Modeling of Kashmir Aftershock Decay Based on Static Coulomb Stress Changes and Laboratory-Derived Rate-and-State Dependent Friction Law

Abstract

We model the spatial and temporal evolution of October 8, 2005 Kashmir earthquake’s aftershock activity using the rate-and-state dependent friction model incorporating uncertainties in computed coseismic stress perturbations. We estimated the best possible value for frictional resistance “Aσ n”, background seismicity rate “r” and coefficient of stress variation “CV” using maximum log-likelihood method. For the whole Kashmir earthquake sequence, we measure a frictional resistance Aσ n ~ 0.0185 MPa, r ~ 20 M3.7+ events/year and CV = 0.94 ± 0.01. The spatial and temporal forecasted seismicity rate of modeled aftershocks fits well with the spatial and temporal distribution of observed aftershocks that occurred in the regions with positive static stress changes as well as in the apparent stress shadow region.
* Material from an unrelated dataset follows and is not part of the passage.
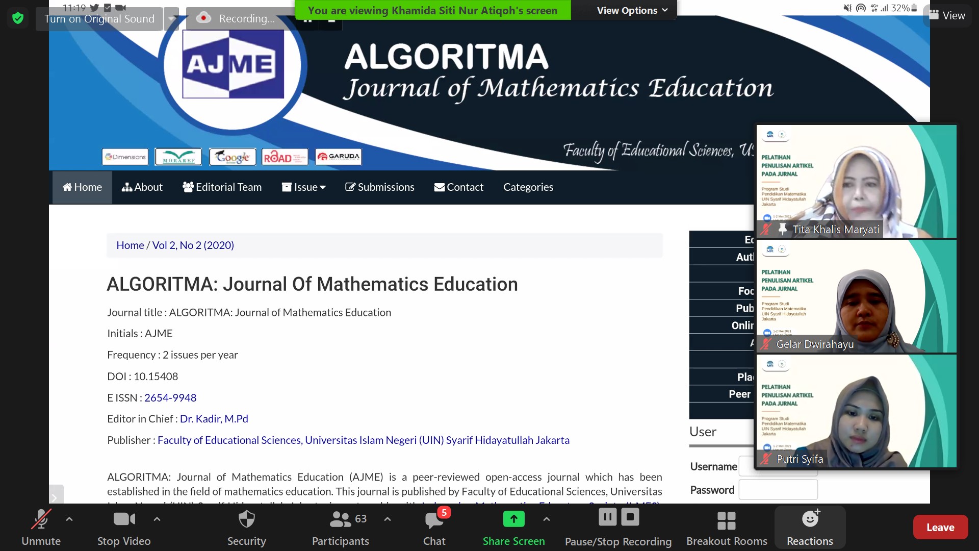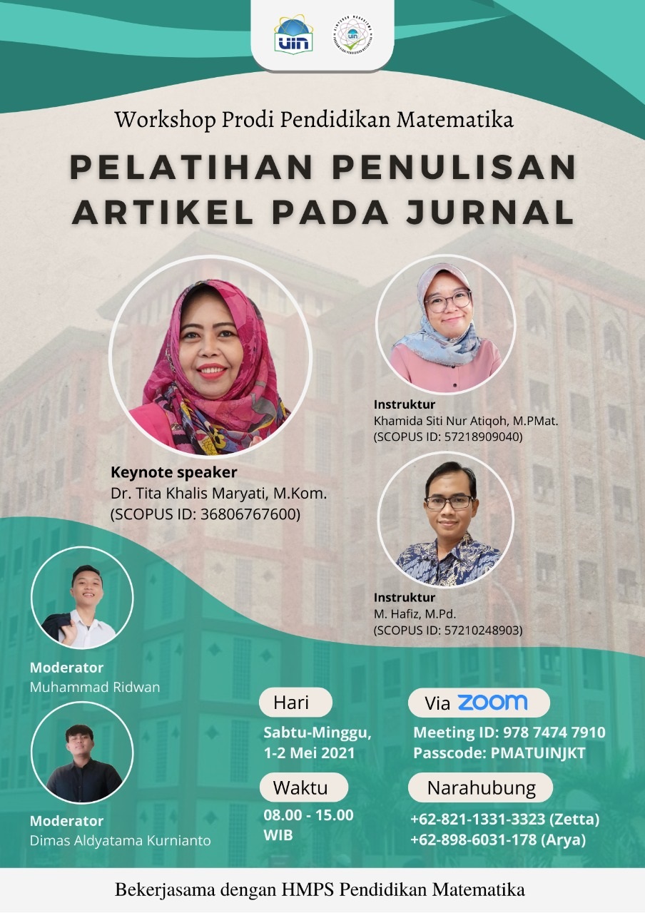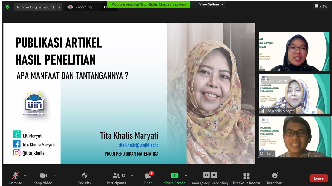 Prodi Pendidikan Matematika FITK UIN Syarif Hidayatullah melaksanakan kegiatan Pelatihan Penulisan Artikel pada tanggal 1-2 Mei 2021 dengan tujuan untuk menghasilkan artikel yang siap dipublikasikan pada beberapa jurnal nasional bereputasi. Acara pelatihan dibuka oleh Dekan FITK UIN Syarif Hidayatullah, ibu Dr. Sururin, M.Ag dan dihadiri oleh Wakil Dekan bidang Akademik, Wakil Dekan Bidang Administrasi, Wakil Dekan Bidang Kemahasiswaan. Dalam kegiatan ini, Dr. Tita Khalis Maryati, M.Kom sebagai keynote Speaker menyampaikan materi dengan tema “Publikasi Artikel Hasil Penelitian, apa manfaat dan tantangannya?”, dan Ibu Khamida Siti Nur Atiqoh, M.PMat dan Bapak M.Hafiz, M.Pd sebagai Instruktur yang membimbing para peserta workshop untuk mengubah tugas akhir (skripsi) menjadi artikel yang sesuai dengan berbagai template dari berbagai jurnal. Kegiatan ini dilaksanakan atas kerjasama Prodi Pendidikan Matematika dengan HMPS Pendidikan Matematika. Peserta yang hadir terdiri dari alumni pendidikan matematika, dosen-dosen FITK, mahasiswa prodi pendidikan matematika.

To quantify the effect of secondary aftershock triggering, we have re-run the estimations for 100 stochastically declustered catalogs showing that the effect of aftershock-induced secondary stress changes is obviously minor compared to the overall uncertainties, and that the stress variability related to uncertain slip model inversions and receiver mechanisms remains the major factor to provide a reasonable data fit.